PCR (and PCR Variations)

Biotechnology Chapter 4 Day 2 Study Questions

1. A thermocycler is an instrument that changes the temperature of your PCRs.  What is the purpose for each of the three cycled temperatures?
2. Why is the lowest temperature during the PCR cycling suggested to be in the 50-60C range “depending on the length and sequence of the primer?”
3. How would you determine the sequence of a cloned insert?
4. What is a wobble position and what does it have to do with degenerate primers?  When would you use degenerate primers?
5. How are the restriction sites generated at the ends of the template DNA when inverse PCR is to be used?
6. Draw the template and products for each step of RT-PCR.
7. Why would oligo d(T) primers result in a “3′ bias” of the original mRNA sequences?
8. How do you design PCR primers that add restriction enzyme sites to a PCR product?
9. Why can you clone the PCR product of some, but not all PCR reactions into a TA vector?
10. What do you do if your PCR product is not ready for TA cloning?  (This might happen if your PCR product (aka amplicon) is too long.)

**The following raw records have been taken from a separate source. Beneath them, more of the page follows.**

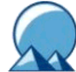
MEPIS SimplyMEPIS 7.0 (1 CD)
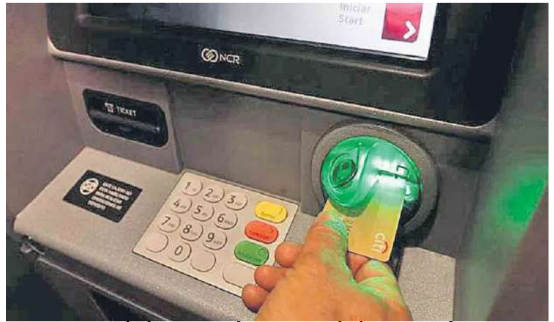
పనులు చేస్తుంది. ఐసీఐసీఐ బ్యాంక్ ఏటీఎంలు, నాన్-ఐసీఐసీఐ బ్యాంక్ ఏటీఎంల్లో సేవలకు ఈ రూల్ వర్తిస్తుంది. యాక్టివ్ బ్యాంకు ఏటీఎంల్లో లావాదేవీలు ఇలా

ఇప్పుడంతా డిజిటల్ పేమెంట్స్ యుగం.. అయినా కొంత మంది బ్యాంకు ఖాతాదారులు ఇప్పటికీ ఏటీఎం ద్వారా ఆర్థిక లావాదేవీలు నిర్వహిస్తూనే ఉన్నారు. ఏటీఎం సేవలు ఉపయోగించుకుంటున్నందుకు ప్రతి ఖాతాదారులూ తమ బ్యాంకుకు చార్జీలు చెల్లించాల్సి ఉంటుంది. ఏటీఎం సేవలు అందిస్తున్న బ్యాంకులు కూడా ఆయా సేవలపై చార్జీలు పెంచేశాయి. దాదాపు అన్ని బ్యాంకుల సొంత ఏటీఎంల్లో ఐదు ట్రాన్సాక్షన్స్ ఫ్రీ. నిర్దిష్ట సంఖ్య దాటిన లావాదేవీలపై బ్యాంకులకు సర్వీస్ చార్జీలు పే చేయాల్సి ఉంటుంది. ఆయా ఖాతాలను బట్టి ఏటీఎం చార్జీలు ఖరారవుతాయి. ఏమీ బ్యాంకులు తమ ఏటీఎంలపై చార్జీలు పెంచాయో ఓ లుక్కొందా.. భారతీయ స్టేట్ బ్యాంక్ (ఎస్బిఐ) ప్రతి రీజియన్ పరిధిలో ఒక నెలలో ఐదు ఉచిత విత్డ్రాయల్స్ ఫ్రీగా కలిపి కలిపి ఉన్నాయి. ముంబై, న్యూఢిల్లీ, చెన్నై, కోల్కతా, బెంగళూరు, హైదరాబాద్ వంటి మెట్రో నగరాల పరిధిలో ఇతర బ్యాంకుల ఏటీఎంల్లో ప్రతి నెలా మూడు ట్రాన్సాక్షన్స్ ఫ్రీగా చేసుకోవచ్చు. ఒక నెలలో సొంత ఏటీఎంల్లో ఐదు కంటే ఎక్కువ లావాదేవీలు జరిగినా, ఇతర బ్యాంకుల ఏటీఎంల్లో మూడు కంటే ఎక్కువ ట్రాన్సాక్షన్స్ జరిపినా ఫీజు పనులు చేస్తుంది ఎస్బిఐ. సొంత ఏటీఎంల్లో ఐదు లావాదేవీలు దాటిన ప్రతి ట్రాన్సాక్షన్ పై రూ.10, ఇతర బ్యాంకుల ఏటీఎంల్లో పరిమితి తర్వాత జరిపే ప్రతి విత్ డ్రాయల్ పై రూ.20 వసూలు చేస్తుంది. సొంత ఏటీఎంల్లో నాన్ పైనాన్సియల్ లావాదేవీపై రూ.5, ఇతర బ్యాంకుల ఏటీఎంల్లో ఆర్థికతర ట్రాన్సాక్షన్ పై రూ.8 వసూలు చేస్తుంది. ఇలా హెచ్చివేసిన బ్యాంక్ ఏటీఎం ఫీజులు
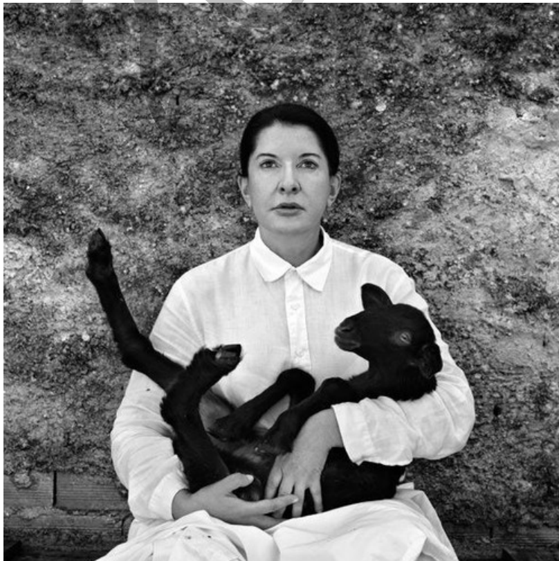
Self-portrait with black lamb. Marina Abramovic 2010
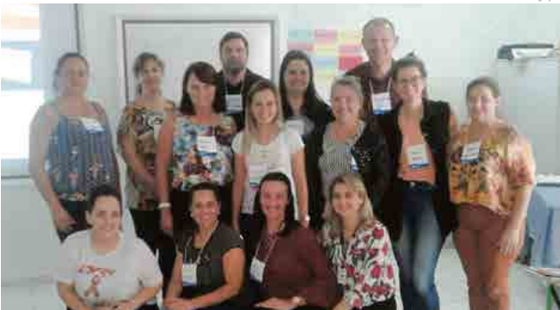
Curso teve carga horária de 12 horas

A meta é atingir 500 jovens até dezembro deste ano com cursos de 12 horas, trabalhadas em formato de oficinas. “Queremos inspirar os jovens para o mercado de trabalho. Ao longo do ano vamos espalhar essas 14 pessoas que fizeram parte do curso pelas instituições e projetos de ensino”, afirma.
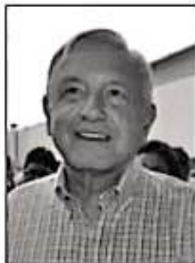
Andrés Manuel López.

No necesitaba López Obrador acudir al Congreso para quedar bien con nadie. No tiene contrapesos políticos en San Lázaro. La Glosa del Informe se hará en comisiones legislativas, cuyas presidencias, en su mayoría, están en manos de Morena. Tampoco volverá a tener problemas para cabildear el Presupuesto de Egresos, cuyo anteproyecto para el año 2020 deberá remitir el próximo 8 de
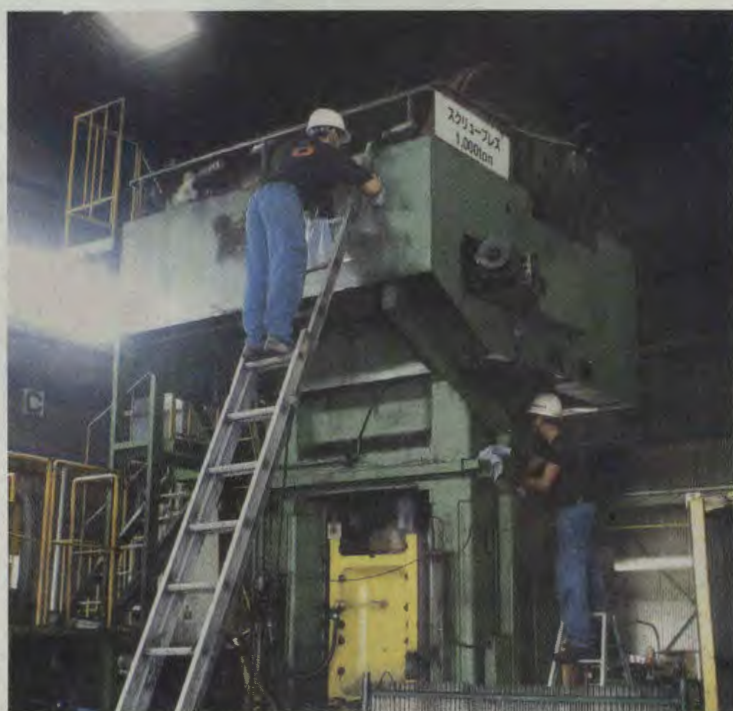
お盆休み前には社員がシャフト製造に用いるプレス機などを一斉掃除した
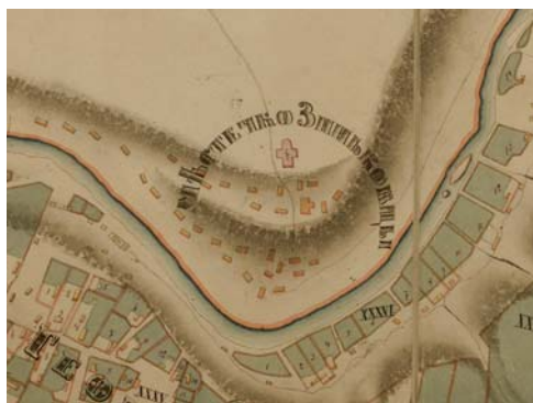
Ryc. 7. Fragment mapy z 1873 r. przedstawiający Zinkowce. Wyraźnie został zaznaczony kościół, natomiast nie ma na tym terenie budowli, którą można byłoby nazwać pałacem (Central'nij derżavnij istoričnij arhiv Ukraini, f. 492, op. 34, spr. 1172)
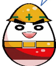
イメージキャラクター 「起き上がり五郎」

起き上がり小坊師をイメージした「起き上がり五郎」を管内の工事現場の標識などで使用しています。
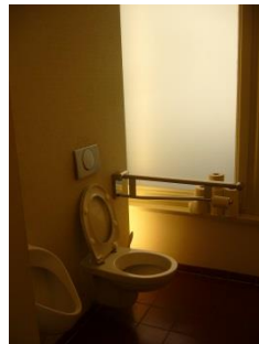
Abb. 21: Öffentliches WC (Ebene 0)
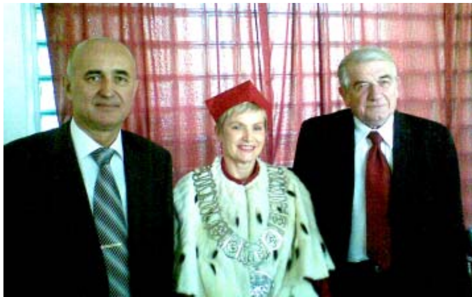
Ректор ТДМУ Леонід КОВАЛЬЧУК, ректор Шльонського медуніверситету Ева МАЛЕЦЬКА-ТЕНДЕРА, міністр охорони здоров'я Польщі п. РЕЛІГА

Теплота стосунків та приязне ставлення польських колег було відчутне вже з першої миті перебування у цьому ВНЗ. На святкуванні панувала атмосфера особливої урочистості: вчена рада — у мантиях університету, ректорів одинадцяти медичних університетів Польщі та керівників інших навчальних закладів регіону виріз-
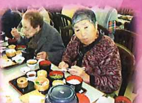
お昼御飯にも笑みが...
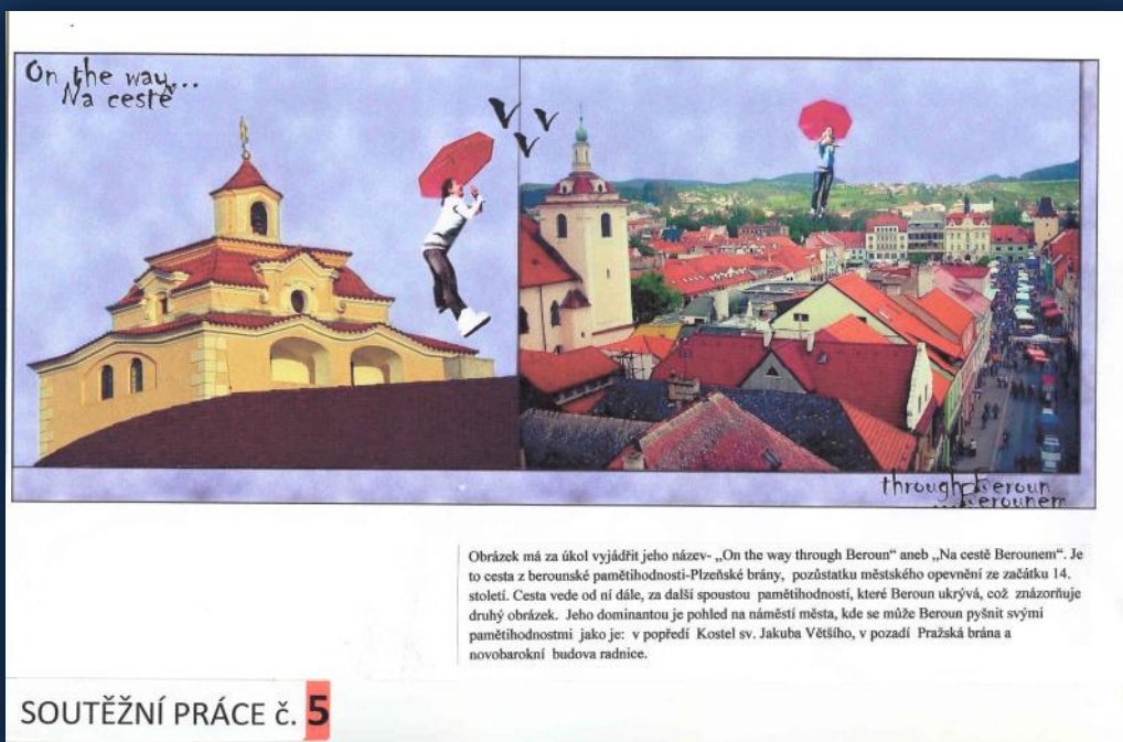
Obrázek má za úkol vyjádřit jeho název- „On the way through Beroun“ aneb „Na cestě Berounem“. Je to cesta z berounské pamětihodnosti-Ptzeňské brány, pozůstatku městského opevnění ze začátku 14. století. Cesta vede od ní dále, za další spoustou pamětihodností, které Beroun ukrývá, což znázorňuje druhý obrázek. Jeho dominantou je pohled na náměstí města, kde se může Beroun pyšnit svými pamětihodnostmi jako je: v popředí Kostel sv. Jakuba Většího, v pozadí Pražská brána a novobaroční budova radnice.
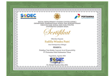
Sertifikat Pelatihan Tata Kelola Corporate Social Responsibility dari SODEC, Yogyakarta Tahun 2021
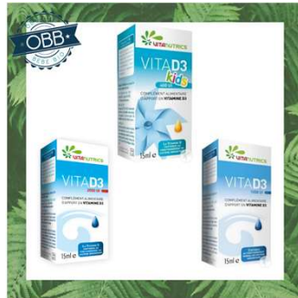
VITA D3 400, 800, 1000ui
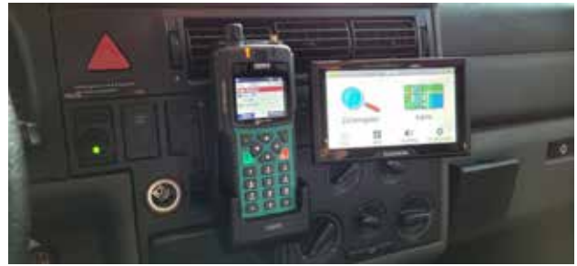
Einbau Navi- und Funkgerät in den T4
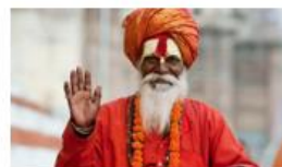
11N RAJASTHAN DISCOVER
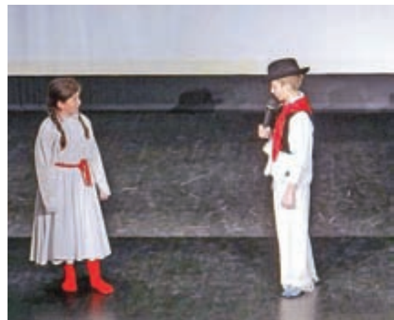
Učenci so se podali na pot po slovenskih pokrajinah.
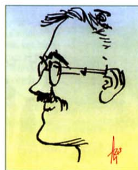
Pripravlja: Milan Alašević
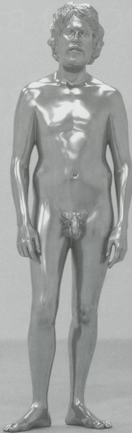
Charles Ray, Young Man , 2012. Solid stainless steel, 71 x 21 x 13½ inches; 180 x 53 x 34 cm
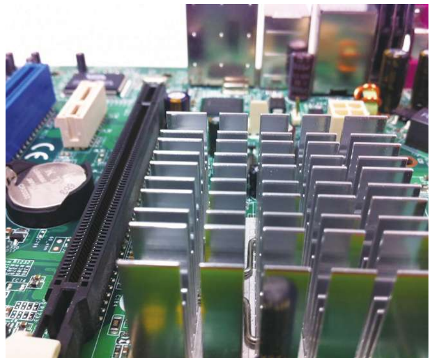
▲台灣號稱資訊大國，IT 產業占證券市場比重為 47.9%，為世界各國之冠。

萬能政府的時代過去了，歐美國家連監獄都委託民間經營，長照制度為什麼不能回歸民間規劃經營呢？
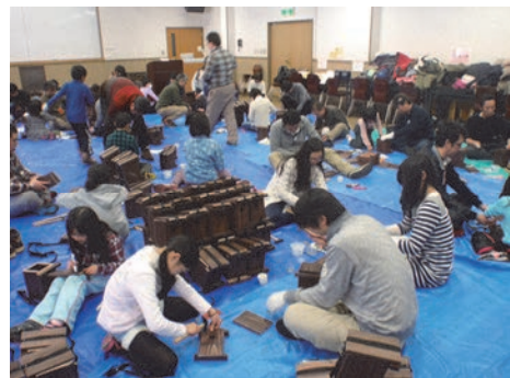
「ヤマネの巣箱づくり」
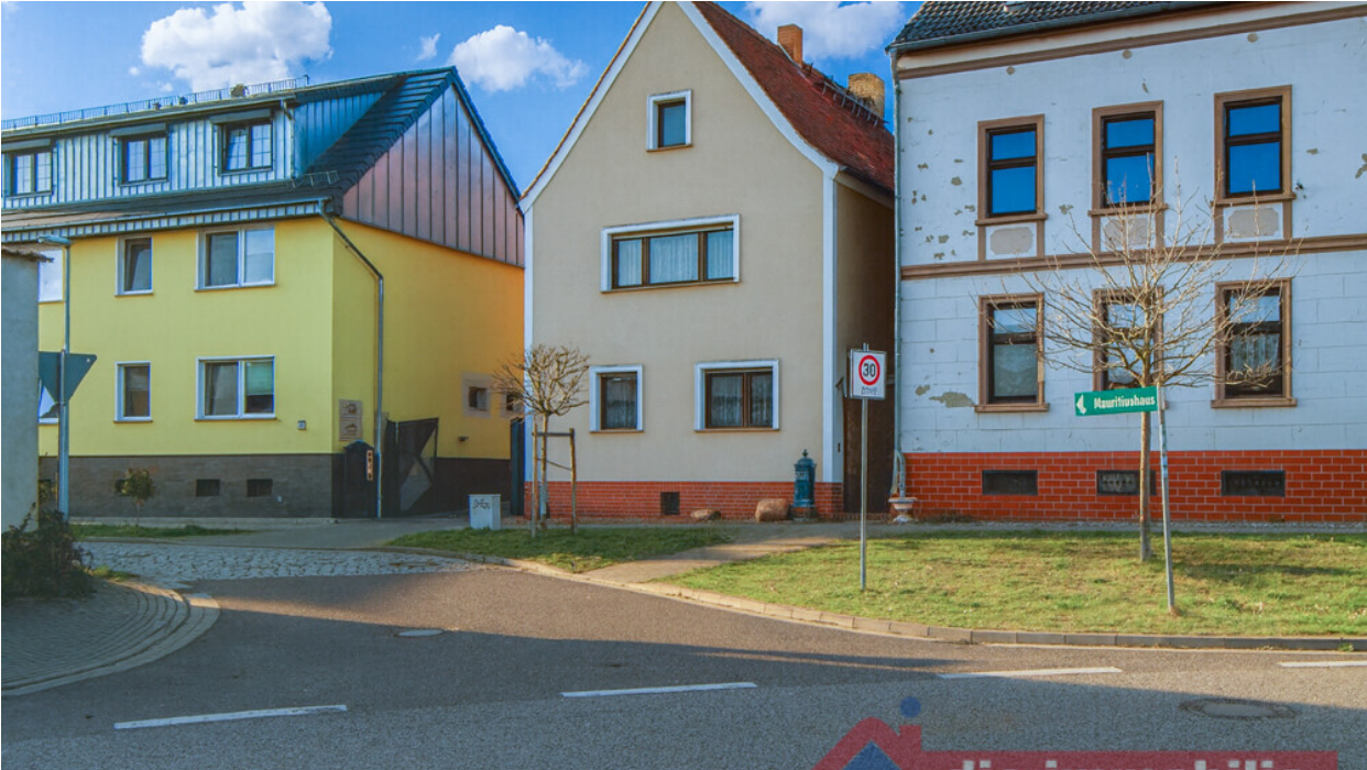
Straßenansicht des Hauses
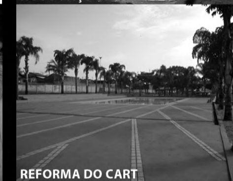
REFORMA DO CART
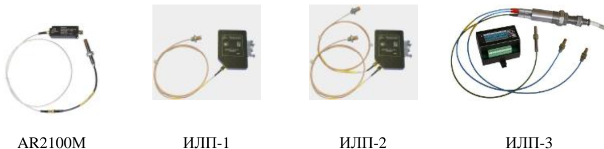
Рисунок 6 - Внешний вид вихретоковых датчиков AR2100M, измерителей линейных перемещений одноканальных ИЛП-1, двухканальных ИЛП-2 и трехканальных ИЛП-3

Каналы измерения частоты вращения представляют собой два типа измерительной цепи. Первый тип измерительной цепи состоит из согласующего устройства и измерительного прибора. Второй тип состоит из преобразователя, согласующего устройства и измерительного прибора. В качестве преобразователя используются вихретоковые датчики AR2100M, измерители линейных перемещений одноканальные ИЛП-1, измерители линейных перемещений двухканальные ИЛП-2, измерители линейных перемещений трехканальные ИЛП-3 производства ООО «ТД «Технекон», а также индуктивные датчики E2A производства «Omron», Япония. В качестве согласующего устройства с преобразователями AR2100M, ИЛП-1, ИЛП-2, ИЛП-3 используются модуль согласующий MC-04 или модуль согласующий MC-06 совместно с формирователем ФР-04. В качестве согласующего устройства с преобразователем E2A используется модуль согласующий MC-07. В качестве согласующего устройства при подключении к каналу внешнего сигнала от индуктивных датчиков используется формирователь ФР-04. В качестве измерительного прибора используются преобразователь виброизмерительный вторичный СТД-3168 с модулем аналогового вывода, преобразователь сигналов VCM или преобразователь вибрации VST из состава измерителя ИЛП-2.
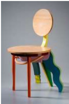
كرسي للمصمم جارى نوكس بينيت (Garry Knox Bennet) عام 2006 يظهر فيه استخدام الألوان البراقة المبهجة واستخدام الخامات المختلفة مثل المعادن بشتى أشكالها من أهم خامات التكنولوجيا المتقدمة

ومن أهم مقومات التكنولوجيا المتقدمة : الشفافية والحركة ،اللمعان والألوان البراقة المبهجة، واستخدام الخامات المختلفة مثل المعادن بشتى أشكالها.
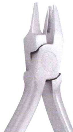
PINZA DE TRES PICOS

"AÑO DE LA CONSOLIDACION DE LA SEGURIDAD ALIMENTARIA"
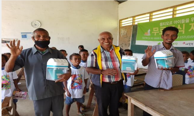
우양재단- 퓨리라이트 52대, 미얀마(500만원)
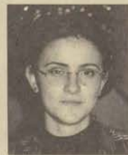
Eğt. Fak. Sınıf Öğretmenliği

Öğretmen adayı olarak daha yolun çok başındayım. İyi bir öğretmen olabilmem için kendimi iyi yetiştirmem gerekiyor.
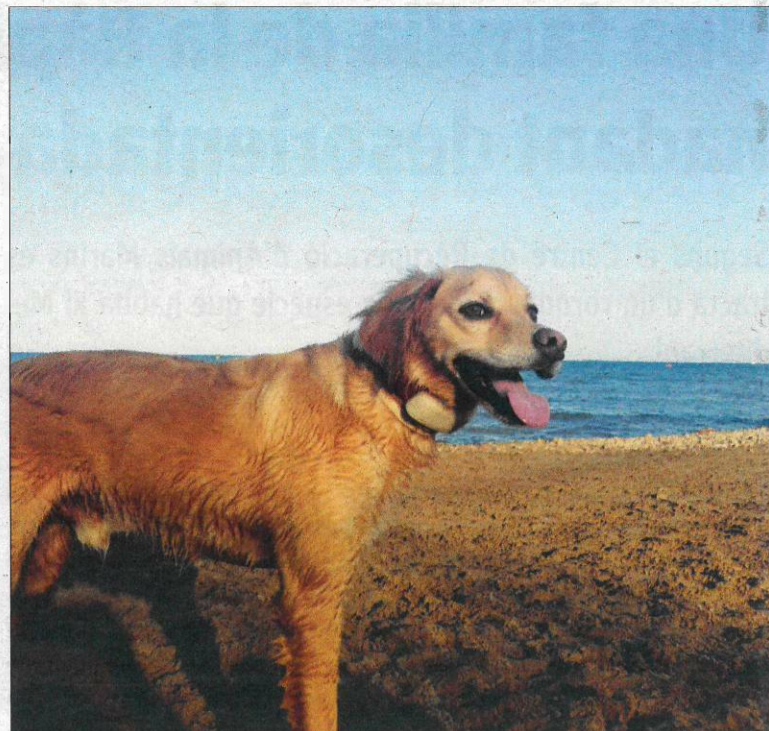
Coby jugant a la platja habilitada per a gossos, a la Ràpita.

D'altra banda, el municipi de les Cases d'Alcanar disposa des del 2013 de La Platjola, l'única platja de la costa canareva apta per a gossos, formada per còdols i grava, amb una extensió de 300 metres aproximadament, i que per la seua morfologia
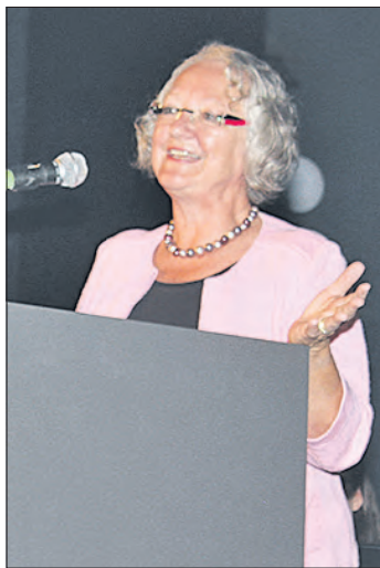
Gesine Meißner (MdEP) brach eine Lanze für Europa.

11. What is the purpose of the three oligos in overlap PCR?  How does this differ with gene SOEing?
12. How can you control whether there is a deletion when an insert is made via recombination?
13. How can you design PCR primers that change a single base pair in a plasmid?
14. Draw the ribose sugar of rATP, dATP, and ddATP.
15. What did the original Sanger sequencing gels look like?  (This was back when radiation, rather than four colors, was used for sequencing.)